Herein, we used the data from the A3DyDB to investigate possible differences in structural aggregation between the 180 foci and 27 non-foci forming proteins described by Narayanaswamy et al. [38] (Supplementary Table 1). Our results showed that foci-forming proteins had a significantly higher A3D average score than non-foci-forming proteins (Fig. 3a). Indeed, the visual inspection of proteins from the two independent datasets revealed that foci proteins, such as ARO2, contain a larger number of STAPs than non-foci proteins like TIF2 (Fig. 3b and c, respectively). Overall, it seems that protein organization in yeast is a very dynamic process that could be, at least, partially understood by protein aggregation. In this framework, the release of thousands of structural predictions in the yeast A3D database can help in identifying STAPs in several proteins involved in cellular reorganizations.
Predicting STAPs to study functional protein assemblies
We have investigated a case example in which STAPs are important for mediating functional protein-protein interactions. The actin fold is found in cytoskeletal polymers, chaperones, and various yeast enzymes involved in metabolic pathways. Most actin-fold proteins, such as the carbohydrate kinases are monomeric proteins and do not polymerize. However, it has been recently reported that the S. cerevisiae glucokinase GLK1 can form polymers in response to its substrates and products (Fig. 4a) [40]. The polymerization of this actin-fold protein inhibits its kinase catalytic activity, a mechanism directly coupled to cell viability and the adaptation of the yeast to stochastic changes in the environment. Recently, cryo-EM studies have revealed that glucokinase GLK1 from S. cerevisiae is able to form two-stranded filaments with a molecular architecture different from that of cytoskeletal polymers [40]. These filaments are built up by GLK1 monomer stabilized by hydrophobic interactions between GLK1 subunits along a strand. In this structure, a solvent exposed Phe3 of one GLK1 subunit is inserted into the hydrophobic pocket at the C-terminus of the next GLK1 moiety, effectively mediating the stabilization of the filament (Fig. 4b).
A detailed analysis of the structural aggregation propensity of the monomeric GLK1 was obtained from the AF2-derived model collected in A3DyDB (Fig. 4c). Our analysis showed the presence of two strong STAPs in this protein that overlap with the observed GLK1 oligomerization interfaces, where the N-terminus Phe3 is inserted in the hydrophobic C-terminus cavity (Fig. 4d).

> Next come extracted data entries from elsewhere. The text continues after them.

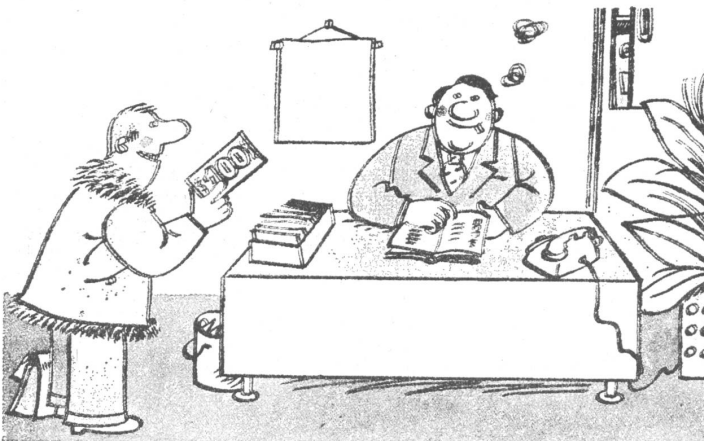
«Und wegen Ihrer Arbeit mit meiner richtigen Placierung auf der Warteliste: Darf ich Ihnen einen kleinen Vorschuss überreichen?» (Nr. 2/79)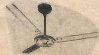
VENTILADOR PÁS DE AÇO COM REVERSÃO Preço: 10.900,00

TEMOS: BEBEDOURO VENTILADOR DE PAREDE VENTILADOR DE PEDESTAL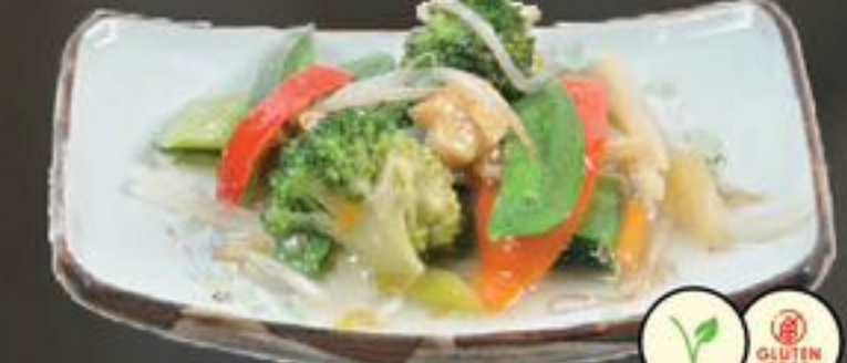
38. Tjap Tjoi (Groenten) | €9,00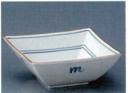
054-25-8F3 1,080円 1985048012 線文四方小鉢 (11×11×4H)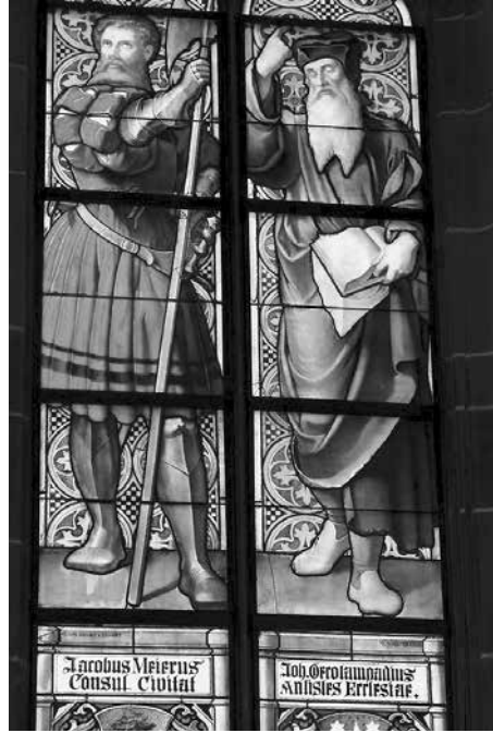
Dr Jakob Meyer zum Hirzen mit syner Helebarde und dr Reformator Johannes Oekolompad uff ere Glasschybe im Basler Minschter.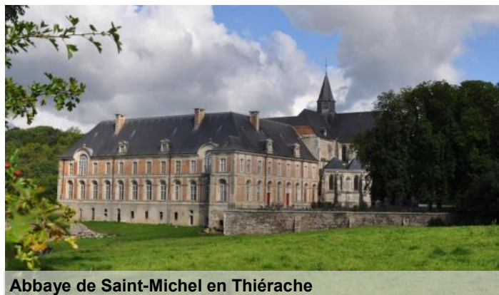
Abbaye de Saint-Michel en Thiérache

La Thiérache est une région proche de chez nous, et pourtant bien souvent méconnue. La discrétion de cette belle contrée n'a d'égal que son charme et sa beauté . Nichée entre les forêts de l'Ardenne au Nord et le plateau de Laon au Sud, elle offre une transition bucolique, façonnée par l'Oise et ses affluents. Ses paysages doucement vallonnés invitent à la promenade et à la quiétude. Car en Thiérache, il faut pouvoir s'émerveiller, s'arrêter pour savourer la tranquillité du lieu ou encore déguster, au cœur d'un hameau ou d'un village, un verre de cidre ou de jus de pommes proposé par un artisan local, à l'ombre d'une église fortifiée.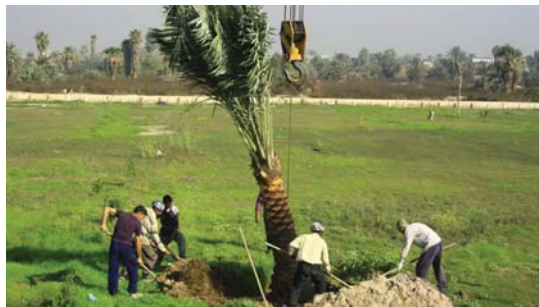
● التقليل من التغيرات المناخية بمكافحة التصحر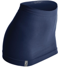
0004 nautic blue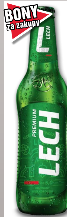
PIWO LECH PREMIUM 330 ML 551651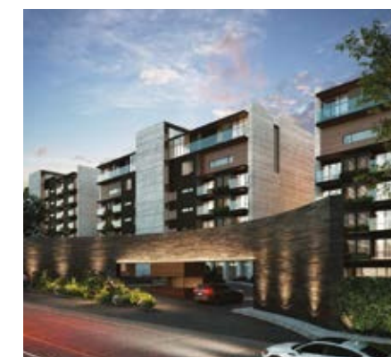
LE BOSQUE REAL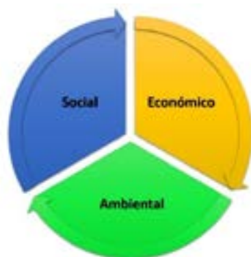
Imagen 1. Tradicional gráfica de la sostenibilidad (ambiente, sociedad, economía) - Autor: elaboración propia, a partir del concepto de la Triple Línea Base.

Luego de más de cuatro años enseñando sostenibilidad en diseño y en proyectos, con la Triple Línea Base de la Sostenibilidad, se concluye: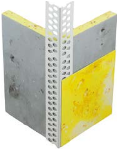
111100 Eckprofil Genius PVC mit runder Kante

Für Fragen und Anregungen stehen wir jederzeit gerne zur Verfügung.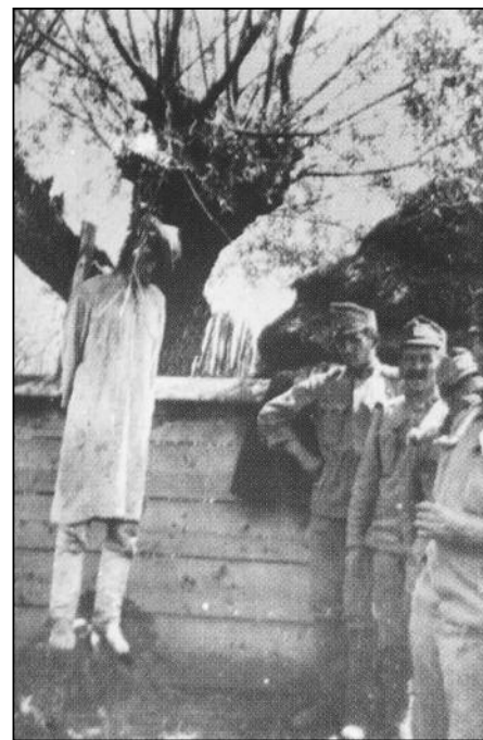
Ein Bauer wird im Nonstal im Trentino gehängt, weil er sich weigerte, den österreichischen Truppen Lebensmittel zur Verfügung zu stellen.

Georg Trakl erzählte kurz vor seinem Tod dem Innsbrucker Freund Ludwig von Ficker über seine furchtbaren Erlebnisse in einem galizischen Feldlazarett: „Aber so oft er in das Freie trat, immer habe ihn ein anderes Bild des Grauens angezogen und erstarren gemacht. Da standen nämlich auf dem Platz, der wirr belebt und dann wieder wie ausgekehrt schien, Bäume. Eine Gruppe unheimlich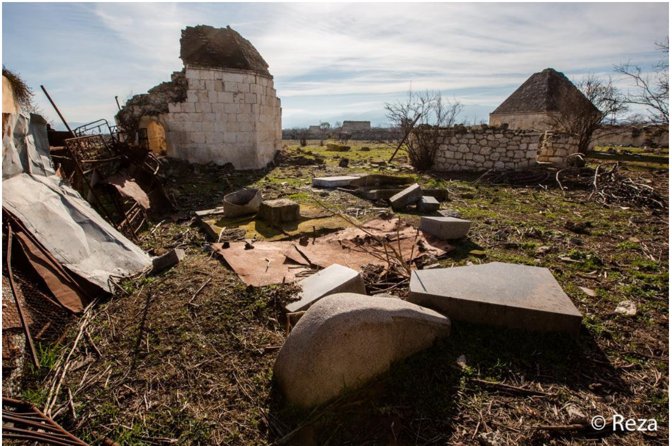
Комплекс "Имарет". Агдам.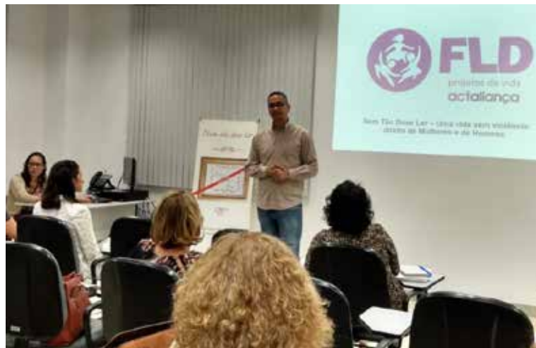
Capacitação da metodologia “Nem Tão Doce Lar” no Espírito Santo, realizada na sede do Ministério Público Estadual, em Vitória

Montando uma réplica de uma casa comum, com móveis e utensílios domésticos que dão pistas das violências cometidas nos lares, a exposição aconteceu no dia 29 de novembro, na Escola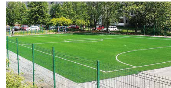
г. Нижняя Тура, спортивная площадка (7)

This is consistent with the view that functional and aberrant polymerization surfaces share very similar physicochemical properties and do frequently overlap [13, 41]. Garner and coworkers mutated the N-terminal Phe3 involved in GLK1 assembly contacts to Ser, to change the non-polar character of this [21] protein position [40]. Based on our A3D predictions, this mutation significantly decreases the potency of the N-terminal STAP (Fig. 4e), which coincides with the experimental observation that it eliminated polymerization both in vitro and in vivo.
Using the A3DyDB to study membrane proteins
The endoplasmic reticulum (ER) network is built up by tubules with high membrane curvature in cross-section, which are generated and stabilized by reticulons and receptor expression-enhancing proteins (REEPs). Reticulons and REEPs are integral membrane proteins resident at the ER that are evolutionary conserved across all eukaryotes [42, 43]. These proteins share a common architecture that has been also identified in other human proteins that function as ER-phagy intramembrane receptors (i.e. ATG40 in S. cerevisiae and FAM134B in mammals) [44, 45]. Here, we used the A3DyDB to investigate the structure and aggregation propensities of YOP1, as a model membrane protein (Fig. 5).
YOP1 is a yeast reticulon that is highly enriched in the tubular portions of the ER and virtually excluded from other regions, which induces high membrane curvature of tubules by an unknown mechanism. Indeed, deletion of the reticulons and YOP1 in yeast has been linked to the loss of tubular ER. Previous studies have suggested that YOP1 generates high membrane curvature by hydrophobic insertion and scaffolding mechanisms, which is mediated by the insertion of the TM regions on the highly hydrophobic lipid bilayers [47,48,49]. The suggested mechanism relies on functional data and the protein’s structure, but its experimental verification remains incomplete at this stage.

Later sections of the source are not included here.